First up this week, a terrific Wi-Fi hot-spot finder, the HS20 Digital Hotspotter from Canary Wireless. This is a small rectangular box (3.19 inches long by 2.13 inches wide by 0.65 inch high and only 2.5
ounces) that can detect 802.11 b, g or n networks and is immune to Bluetooth, cordless phones or other interference in the
Wi-Fi band.
The Canary Hotspotter has a backlight (critical if you are, say, stuck in an air conditioning duct) and enumerates the information
about each Wi-Fi network it finds, showing open and secure Wi-Fi devices along with their signal strength, network ID (SSID),
encryption method (none, WEP, WPA or WPA2), and channel used.
Retailing for $60, this is the hottest hot-spot detector I’ve seen so far.
Now, while finding Wi-Fi hot spots can be crucial to road warriors, the techs back at the mothership have completely different
Wi-Fi concerns. For these chaps the challenge is to craft a Wi-Fi infrastructure that works and does so as well as possible.
A few Internet decades ago (January this year) I reviewed a USB spectrum analyzer manufactured and sold by MetaGeek called the Wi-Spy 2.4x.
This cool device ($400 with software) scans the radio frequency range from 2400 MHz to 2483.5 MHz – the range of Wi-Fi (natch)
-- and, using MetaGeek’s Chanalyzer software, analyzes and displays the characteristics of this spectrum segment. Since my
review, MetaGeek has released a new version of the software (Version 3.0), and what a great upgrade!

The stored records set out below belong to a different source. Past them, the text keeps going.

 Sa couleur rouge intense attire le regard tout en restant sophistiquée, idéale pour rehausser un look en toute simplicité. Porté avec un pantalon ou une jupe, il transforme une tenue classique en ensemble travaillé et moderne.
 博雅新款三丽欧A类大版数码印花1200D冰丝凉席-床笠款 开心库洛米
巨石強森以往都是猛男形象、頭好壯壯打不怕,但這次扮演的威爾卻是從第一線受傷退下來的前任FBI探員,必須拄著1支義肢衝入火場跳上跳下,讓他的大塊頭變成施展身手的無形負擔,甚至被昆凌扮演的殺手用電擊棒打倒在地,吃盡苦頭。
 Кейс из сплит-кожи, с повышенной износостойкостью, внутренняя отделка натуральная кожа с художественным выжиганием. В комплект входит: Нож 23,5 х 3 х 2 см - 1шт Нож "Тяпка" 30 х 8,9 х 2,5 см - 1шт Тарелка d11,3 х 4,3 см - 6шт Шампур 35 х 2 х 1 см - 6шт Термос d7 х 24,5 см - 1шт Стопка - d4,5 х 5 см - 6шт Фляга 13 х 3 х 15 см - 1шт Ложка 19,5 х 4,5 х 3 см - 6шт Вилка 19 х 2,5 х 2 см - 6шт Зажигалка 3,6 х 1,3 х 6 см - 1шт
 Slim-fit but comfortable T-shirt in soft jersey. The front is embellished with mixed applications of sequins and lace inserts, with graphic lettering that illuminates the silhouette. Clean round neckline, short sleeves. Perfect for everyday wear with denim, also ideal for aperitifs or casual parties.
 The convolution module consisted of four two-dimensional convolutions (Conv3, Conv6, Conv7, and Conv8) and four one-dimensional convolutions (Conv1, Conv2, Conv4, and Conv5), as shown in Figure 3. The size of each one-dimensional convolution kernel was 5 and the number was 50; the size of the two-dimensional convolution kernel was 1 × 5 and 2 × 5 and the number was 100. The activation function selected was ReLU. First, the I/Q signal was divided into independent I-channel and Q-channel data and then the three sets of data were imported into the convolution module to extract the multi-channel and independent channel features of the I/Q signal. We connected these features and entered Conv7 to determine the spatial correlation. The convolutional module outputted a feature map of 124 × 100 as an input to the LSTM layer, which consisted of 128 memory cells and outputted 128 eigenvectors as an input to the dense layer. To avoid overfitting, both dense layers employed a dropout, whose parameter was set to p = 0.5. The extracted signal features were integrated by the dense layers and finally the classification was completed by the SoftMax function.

MetaGeek appears to have improved the sensitivity of the analysis – the Topographic View (amplitude plotted against frequency)
appears much quicker – and it has also spiffed up the user interface, most notably adding a sidebar. This sidebar has tabs
for recording and sharing trace data, taking notes, sending feedback to MetaGeek, and inspecting the details of any point
on any of the three analysis views.
There’s one more tab in the sidebar and this is the biggest enhancement: Profiles. This tab shows thumbnails of the activity
of specific devices as shown in the Topographic View. By clicking on a thumbnail, the cursor is replaced by a curve that is
characteristic of the selected device so you can overlay it on the current Topographic View. That helps you identify the sources
of interference that you find in your environment.